U.S. interest rates will go up next month, unless there is a major shock to the economy, a key Federal Reserve official said Wednesday.

Fed expected to bump key rate for first time in a year

Federal Reserve official James Bullard, seen here in May 2016, said Wednesday it would take a major shock to prevent the U.S. central bank from boosting interest rates in December. (Edgar Su/Reuters)

U.S. interest rates will go up next month, unless there is a major shock to the economy, a key Federal Reserve official said Wednesday.

Speaking to reporters in London at a banking conference, James Bullard, who is a member of the Fed's rate-setting open market committee, said those shocks could include world stock volatility or a weak U.S. jobs report, things in the past that have prompted the Fed to defer rate hikes.

"You would have to have a surprise at this point," for the Fed to hold off, Bullard said, according to Reuters.

The Fed's next interest rate decision meeting is set for Dec. 13 to 14. At the end of that two-day meeting, the central bank will announce its decision on where to set its benchmark interest rate.

The U.S. central bank's key policy rate in the range of 0.25 per cent to 0.5 per cent — where it has been since December 2015 — but markets are expecting a hike.

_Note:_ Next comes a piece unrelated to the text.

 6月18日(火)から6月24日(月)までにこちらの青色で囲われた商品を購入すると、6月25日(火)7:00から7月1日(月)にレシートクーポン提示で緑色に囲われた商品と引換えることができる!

According to Bloomberg Financial, the current implied probability of a rate boost next month is 94 per cent. 

In late September, Fed chair Janet Yellen  said she believed the U.S. economy was ready for a rate hike by the end of the year.

Figures out of the U.S. on Tuesday that showed retail sales grew by a better-than-expected 0.8 per cent in October, were "yet another sign that [the Fed] can afford to move policy rates higher when they meet in December," said James Marple, senior economist at TD, in a commentary.

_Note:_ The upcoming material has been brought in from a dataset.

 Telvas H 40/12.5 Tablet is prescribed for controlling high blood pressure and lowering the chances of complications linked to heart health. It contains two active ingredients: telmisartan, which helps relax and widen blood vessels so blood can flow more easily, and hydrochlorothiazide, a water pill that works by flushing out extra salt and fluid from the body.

In the wake of the election of Donald Trump as the next U.S. president, markets are also starting to factor in the possibility that the Fed won't stop with just one hike. Trump's promise to grow the U.S. economy through infrastructure spending has markets thinking that could spark inflation and lead the Fed to tighten monetary policy even further.

But a rate hike by the Fed doesn't necessarily mean the same thing will happen here, a Bank of Canada official said.

Speaking in Waterloo, Ont., deputy governor Timothy Lane said the actions of the Fed are factored into Bank of Canada decisions.

"We are free to adjust our policy interest rate in the context of Canadian economic conditions — and, in particular, do not need to move in step with the Federal Reserve," Lane said in prepared remarks for a speech to at the Centre for International Governance Innovation.